◆ Brief ◆
Copy the data that appears below exactly. Drop the pictures.

◆ Data excerpt ◆
::::::::::
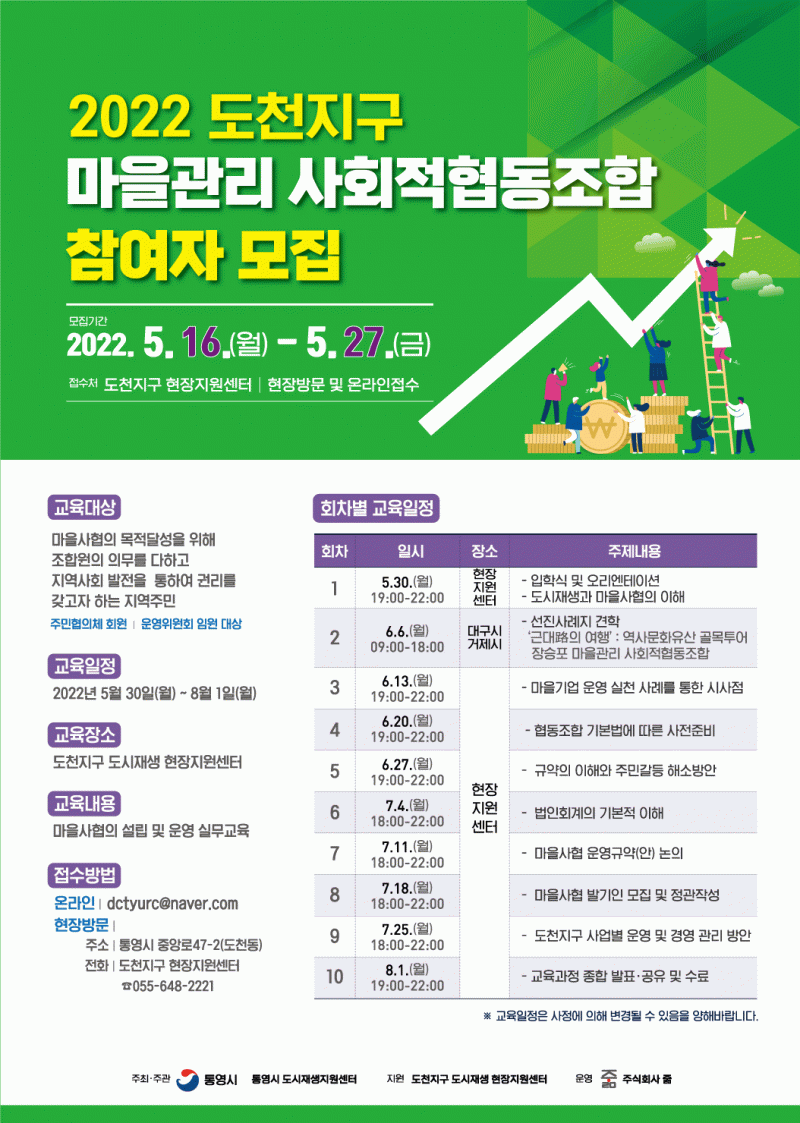 도천지구 마을관리 사회적협동조합 설립을 위한 마을관리 사회적협동조합 설립 전 교육 참여자를 위와 같이 모집합니다.
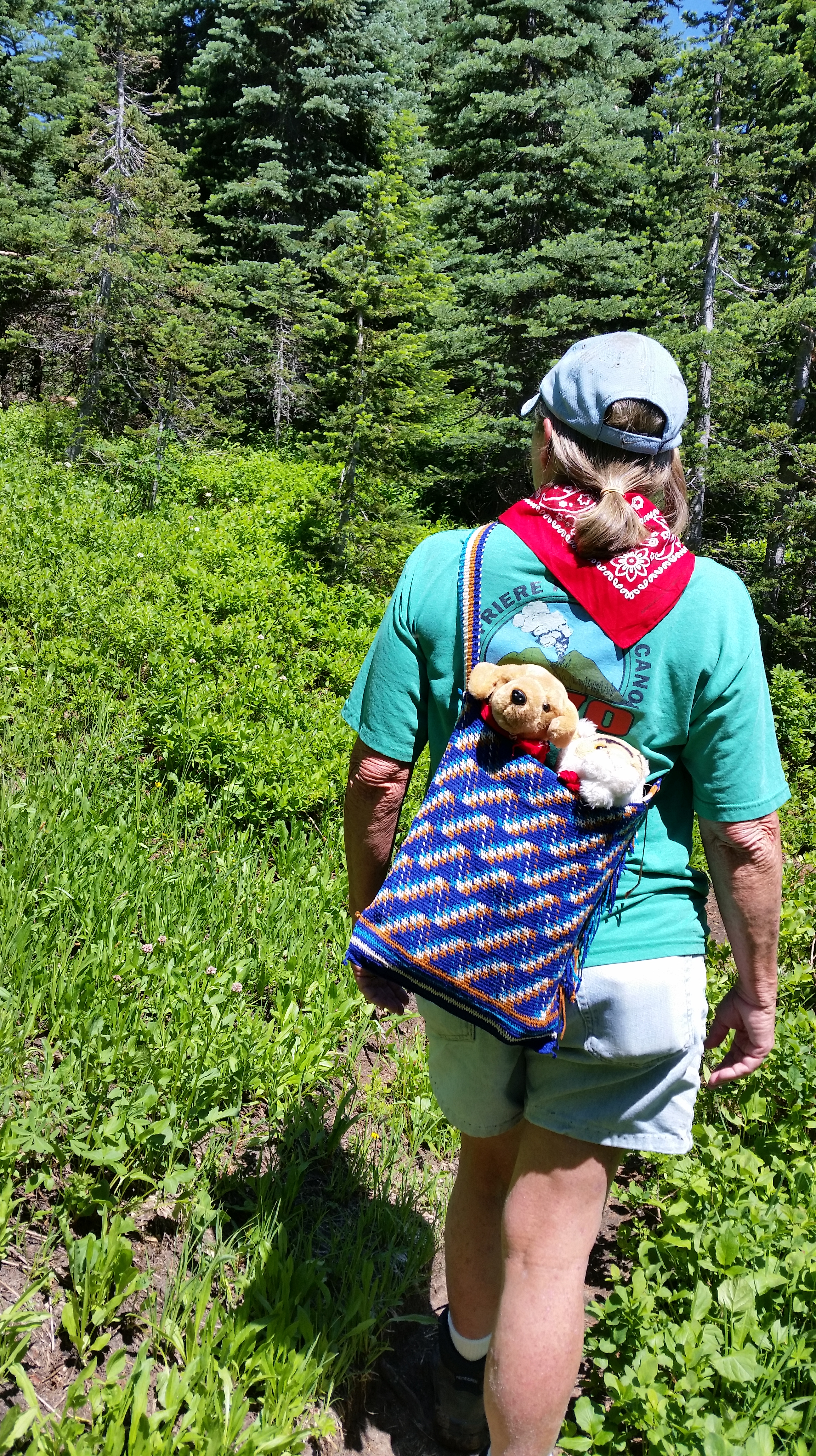 Here we are on the trail with Aunt Darcy riding in a new super duper satchel that Auntie Darcy brought for us. It was a gift to her from a scientist from Papua New Guinea it is really special and is perfect for us because both me and Dixie fit in it! Plus there is room for an extra shirt. And a snack.
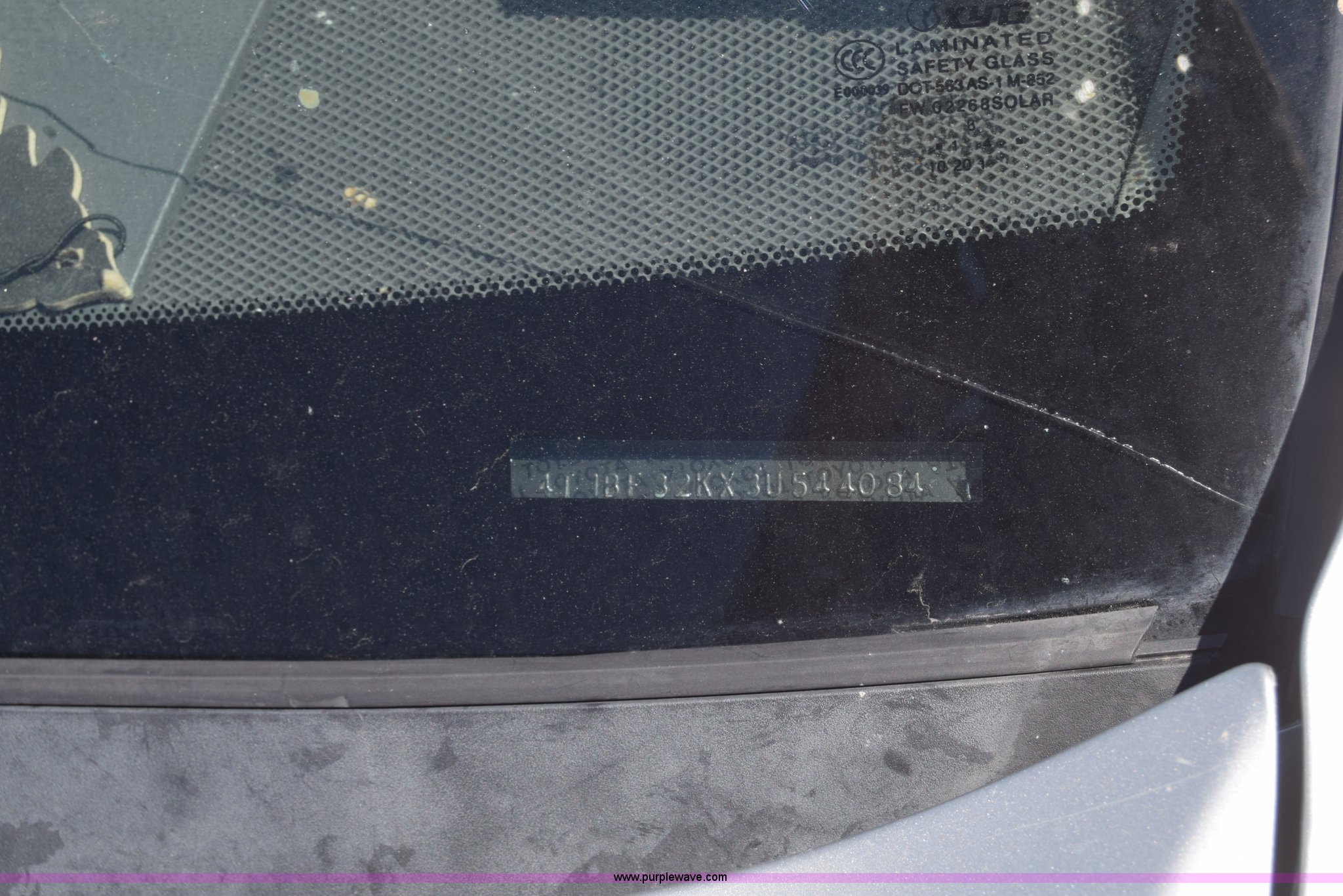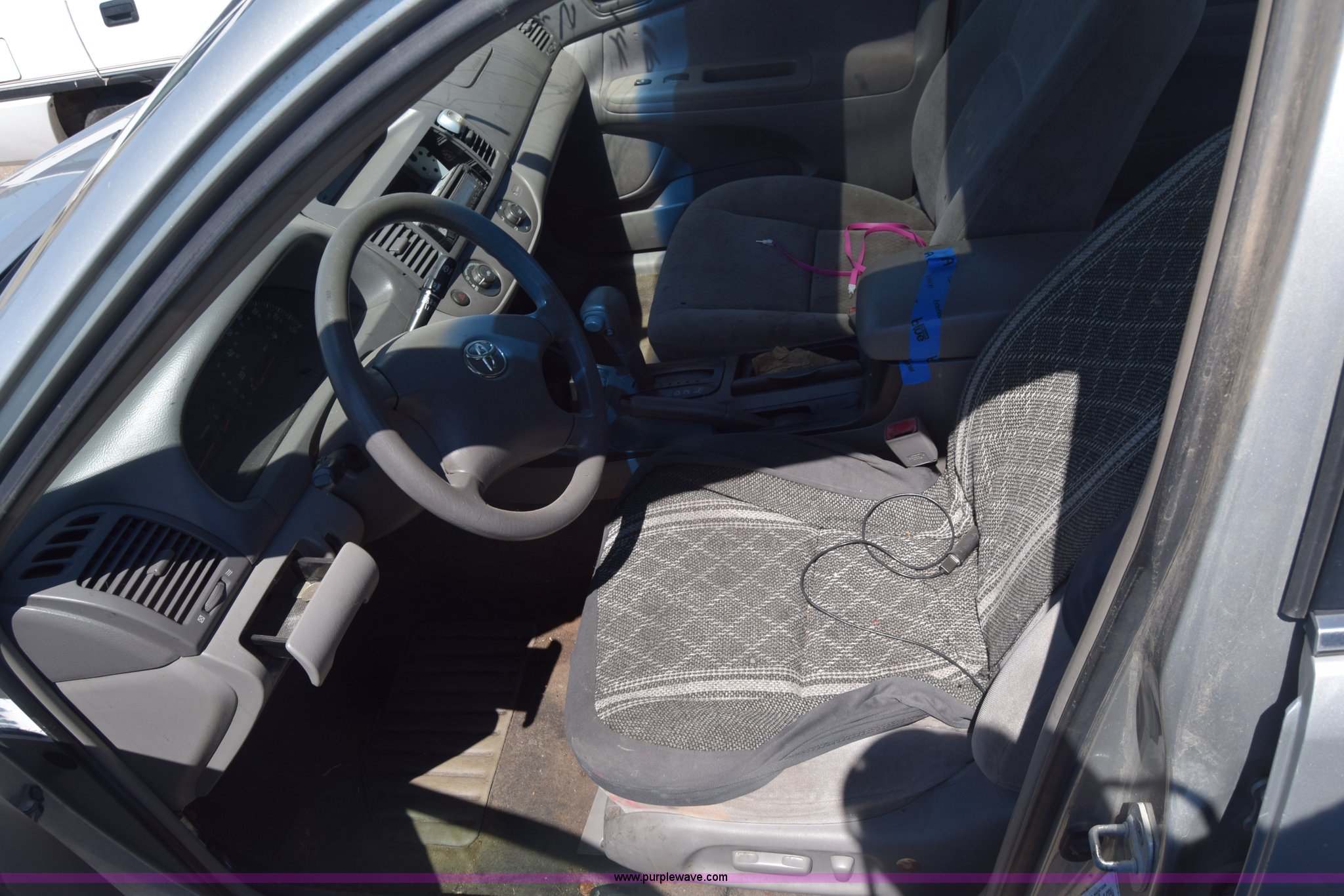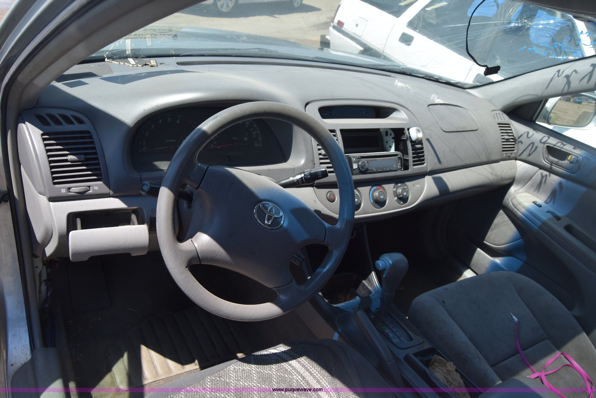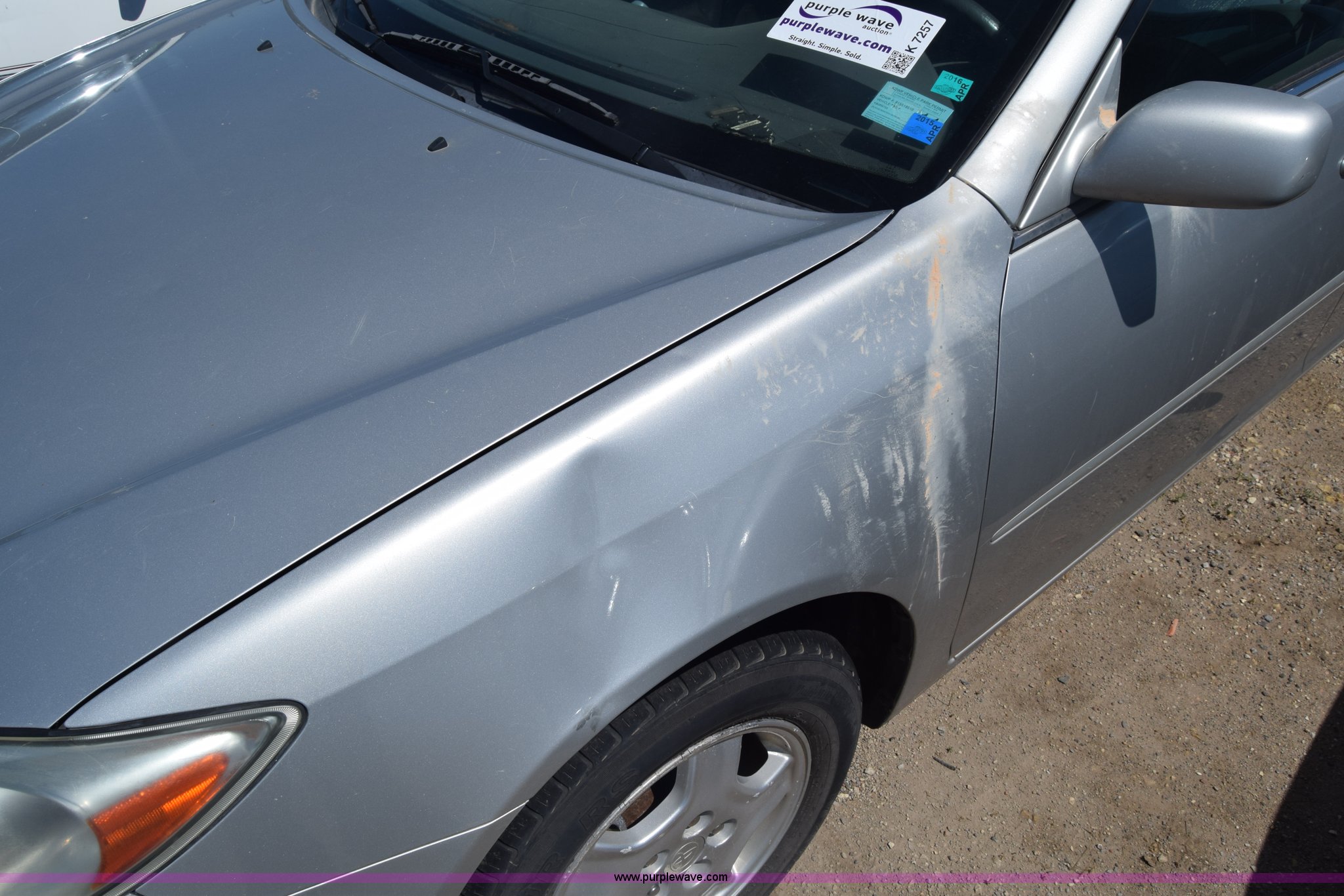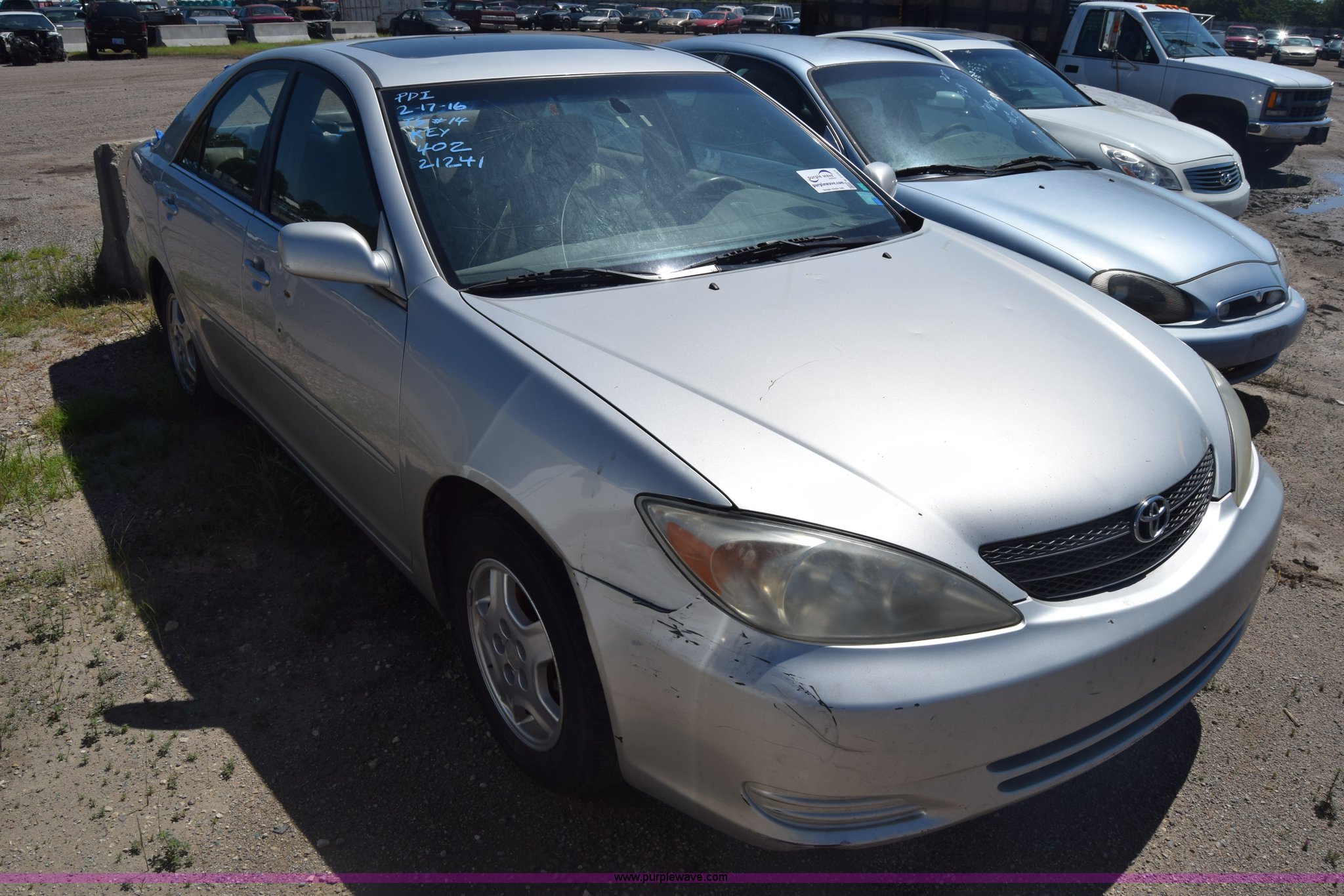 Purple Wave is selling a used Passenger Vehicle in Kansas. This item is a 2003 Toyota Camry with the following: Unknown miles on odometer, 3.0L V6 DOHC 24V gas engine, Automatic transmission, AC and heat, AM/FM/CD, Power windows, locks, and mirrors, Cloth interior, Sunroof, 205/65R15 tires, Hood will not open, Window broken, Case# 16C503714
::::::::::
◆ Task response ◆
 도천지구 마을관리 사회적협동조합 설립을 위한 마을관리 사회적협동조합 설립 전 교육 참여자를 위와 같이 모집합니다.
 Here we are on the trail with Aunt Darcy riding in a new super duper satchel that Auntie Darcy brought for us. It was a gift to her from a scientist from Papua New Guinea it is really special and is perfect for us because both me and Dixie fit in it! Plus there is room for an extra shirt. And a snack.
 Purple Wave is selling a used Passenger Vehicle in Kansas. This item is a 2003 Toyota Camry with the following: Unknown miles on odometer, 3.0L V6 DOHC 24V gas engine, Automatic transmission, AC and heat, AM/FM/CD, Power windows, locks, and mirrors, Cloth interior, Sunroof, 205/65R15 tires, Hood will not open, Window broken, Case# 16C503714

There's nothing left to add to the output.